When deploying a Sawmills Collector, it is crucial to plan for capacity to ensure optimal performance and reliability. Proper capacity planning helps prevent bottlenecks, ensures consistent data processing, and enables cost-effective scaling as your telemetry volume grows.

The Sawmills Collector is architected for horizontal scaling to handle enterprise-scale data volumes efficiently. Under default configuration with 4 CPU cores and no processors, a single collector instance can process approximately **14 million logs per day**, providing a solid foundation for most production workloads.

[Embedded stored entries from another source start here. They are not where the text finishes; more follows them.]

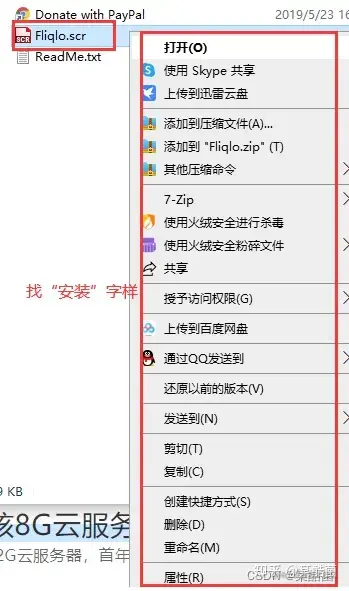 如果右击Fliqlo.scr可以找到“安装”字样,直接安装就可以了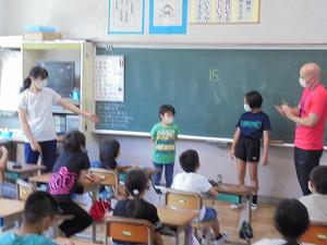 担任の先生が中心になりながら、ALTの先生、支援の先生とともに、笑顔で英語を学んでいます。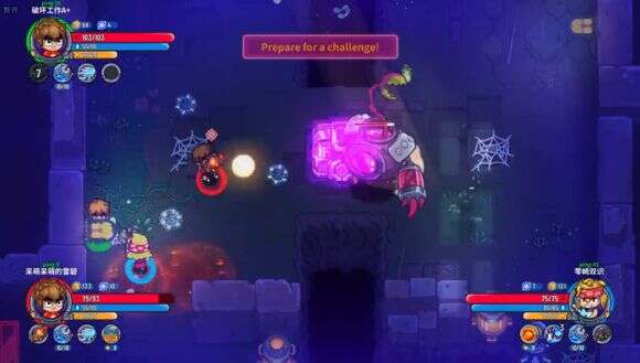 挑战房间里遇到克朗比较多,如果房间四角有叭叭啦的话优先打掉叭叭啦,否则不小心踩到混乱是很难受的,打boss的节奏一般是打两下后调整位置,boss跳跃攻击时会有范围提示,及时走出红圈就行。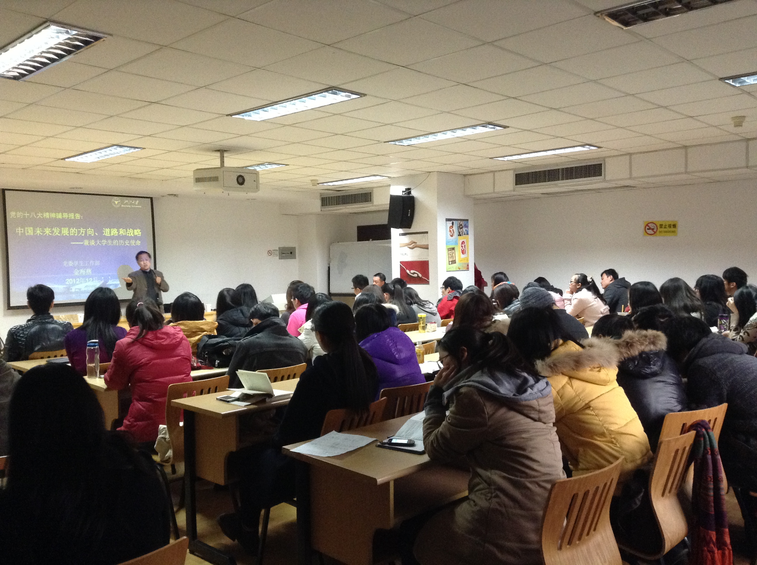 金部长从“世情”、“国情”、“党情”出发谈十八大的召开背景,认为在“后金融危机时期”的世情下、“社会主义初级阶段”的国情下、“执政环境发生变化,新生力量不断融入”的党情下,十八大的召开受到国内外的高度瞩目。金部长结合自身经验,从甘肃的地域划分、农村选举现状等入手,娓娓道来,积极互动,认为目前的道路还是比较适合中国社会的。他将中国腐败问题放到世界角度来比较,引用众多数据,提醒党员要保持与群众的鱼水关系,警惕蛙水关系、油水关系、水火关系。金部长认为想要在中国干大事,一定要对中国国情有深入且全面的了解,因此他鼓励学生党员了解社会,深入社会。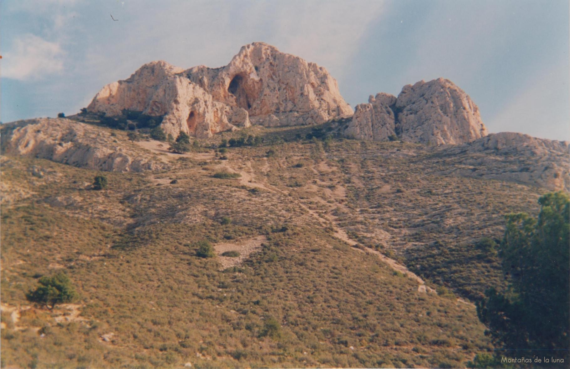 Tibi son dos calles que confluyen en el centro de la población, separadas por un barranco. Un casco urbano curioso. Salimos del mismo por la carreterilla que nos llevaría a Jijona desde aquí, y justo en la parte más alta de la carretera, donde a la derecha sale como una curva asfaltada como si fuera de la antigua carretera, y una casa en alto. Aquí dejamos el coche… aunque a principios de los años 90 la carretera oficial era la asfaltada en la que ahora dejamos el coche. Mirando hacia el norte, hacia la montaña, descubrimos unas laderas rocosas, de roca madre, muy poco matorral, y enormes paredes, cortados con peñones, farallones que quieren resaltar y salirse de la monotonía de la ladera rocosa, con nichos, cavernas que las hacen más espectaculares si cabe… una imagen soberbia y altiva. Pero… ¿Por dónde se sube? No se ve camino, senda o rastro que podamos seguir, que nos pueda guiar… No, subiremos monte a través decidiendo por donde ir, por donde subir, por donde avanzar, mirando los perfiles y formas de la montaña, como viejos exploradores buscando el paso del noroeste, las fuentes del Nilo, la ciudad de oro del Amazonas…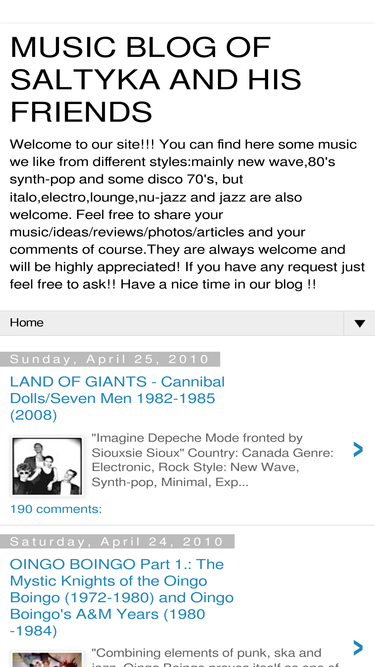 100%Welcome to our site!!! You can find here some music we like from different styles:mainly new wave,80's synth-pop and some disco 70's, but italo,electro,lounge,nu-jazz and jazz are also welcome. Feel free to share your music/ideas/reviews/photos/articles and your comments of course.They are always welcome and will be highly appreciated! If you have any request just feel free to ask!! Have a nice time in our blog !!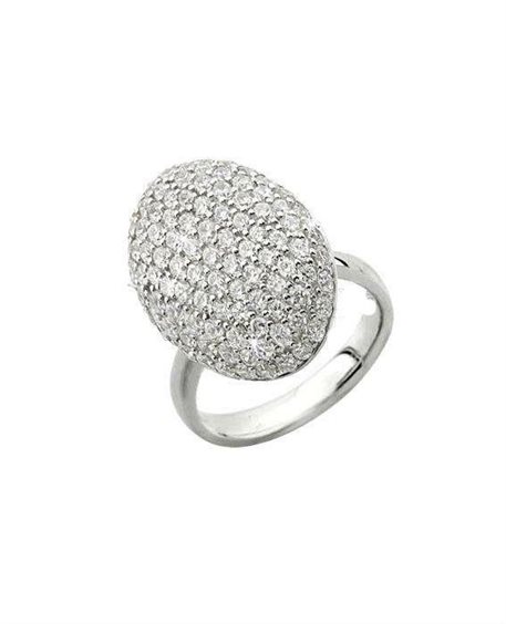 ANELLO COLLEZIONE BRILLANCE A PAVE' OVALE DI ZIRCONI BIANCHI MM 19 X 16 , PESO GRAMMI 7,5. GAMBO TONDO COMFORT MM 3,60. MISURA DEL DITO 19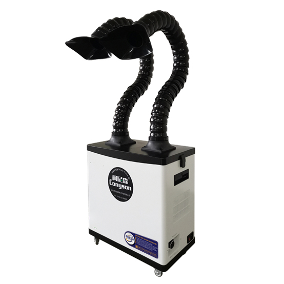 Conyson 200W là dòng máy lọc khói chuyên nghiệp nhỏ gọn, lý tưởng cho các khu vực thao tác cá nhân, nhà xưởng điện tử hoặc bàn làm việc cố định. Thiết bị kết hợp hiệu quả giữa lọc bụi – hút khói – xử lý khí độc trong một hệ thống khép kín, không cần ống xả ra ngoài. Thiết bị được thiết kế chuyên dụng để xử lý khói, bụi mịn và khí độc phát sinh trong các quy trình:

## Kubernetes Resource Requirements

We recommend allocating at least **4 vCPUs and 3 GiB memory per node as a kubernetes limit with a minimum (kubernetes request) of 1 vCPU and 1 GiB memory**.

### AWS Instance Types

The collector runs best on Graviton-based instances, preferably: **M7g, M6g**

We also support amd64/x86\_64 architectures (less performant), such as: **M7i, M6i, M6a**

### Azure Instance Types

For Azure deployments, we recommend the following instance types based on workload requirements:

* **D4s\_v5**: 4 vCPUs, 16 GB RAM - Ideal for moderate telemetry volumes
* **D8s\_v5**: 8 vCPUs, 32 GB RAM - Suitable for high telemetry volumes

### Google Cloud Platform (GCP) Instance Types

For GCP deployments, we recommend the following machine types:

* **n2-standard-4**: 4 vCPUs, 16 GB RAM - Ideal for moderate telemetry volumes
* **n2-standard-8**: 8 vCPUs, 32 GB RAM - Suitable for high telemetry volumes

### Collector Sizing Table

You can reference this table as a starting point for collector system requirements. The resource recommendations do not consider multiple exporters or processors.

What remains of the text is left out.